What is the Web? Probably, most of people would answer: "Web is information". Indeed, despite many alternative uses, such as communicating with friends, playing online games, and selling goods, the primary use of the Web is to satisfy user's information needs. In order to make use of the information of the Web effectively and create tools that help users satisfy their information needs, it is necessary to understand how the information on the Web is organized.

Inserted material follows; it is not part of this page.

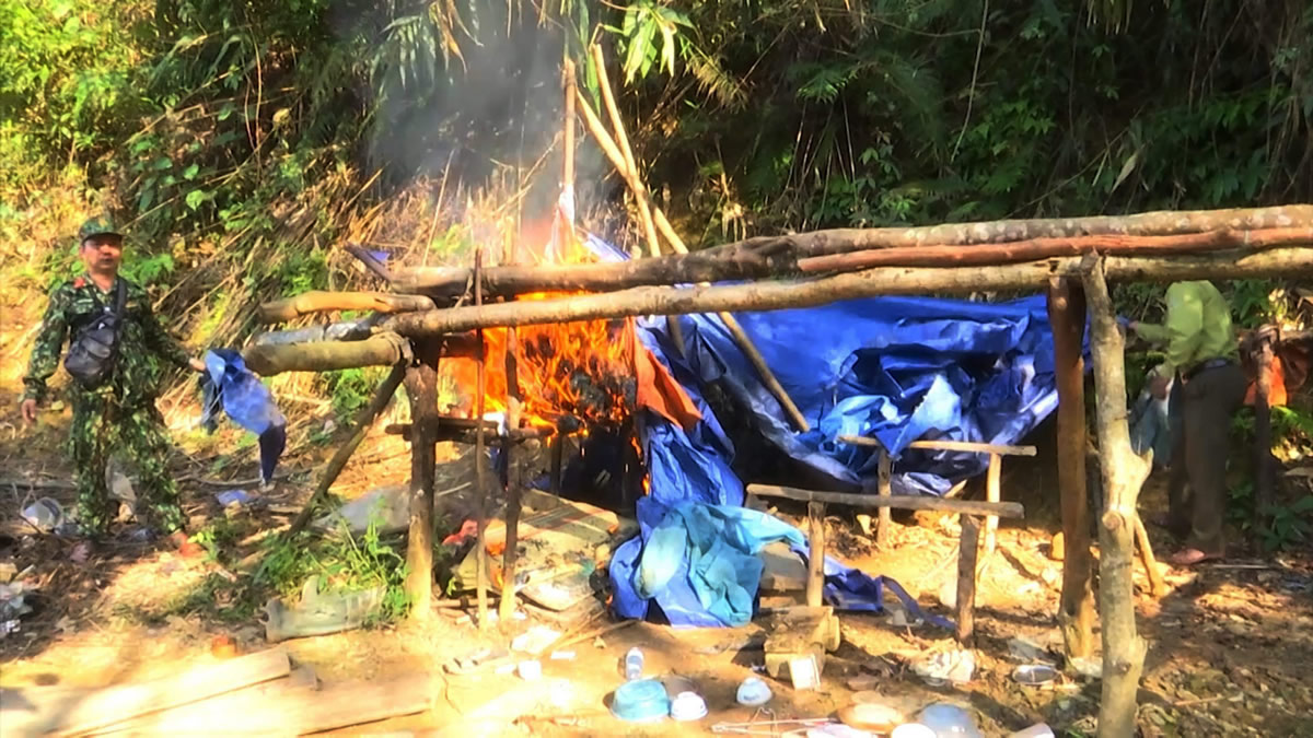 Hàng chục lán trại dựng trái phép cùng hệ thống máy móc, phương tiện của “vàng tặc” cũng đã bị tiêu hủy. |

In this project we consider the Web as a set of logical information units, so called compound documents (cDocs), which represent an individual's perception of information entities on the Web. Though a single Web page may be a cDoc itself, often a cDoc consists of multiple Web pages. A typical example of such a cDoc is a web news article, consisting of several html pages. Another example is a set of Web pages describing a subject such as the biology of monarch butterflies, with different pages dedicated to anatomy, sensory systems, life cycle, etc.
We believe that the ability to identify cDocs would be useful in a number of important applications. It has a potential to improve both recall and precision of the information retrieval on the Web; it can help link analysis algorithms, such as PageRank, to identify links serving solely navigational purpose; it would allow better automatic metadata generation and association for Digital Libraries, and, finally, it can be used as a basis for improved user interfaces.
In this project, we develop methods for automatically identifying the boundaries of cDocs on the Web, utilizing both content features of constituent Web pages, and structural features of the underlying Web graph.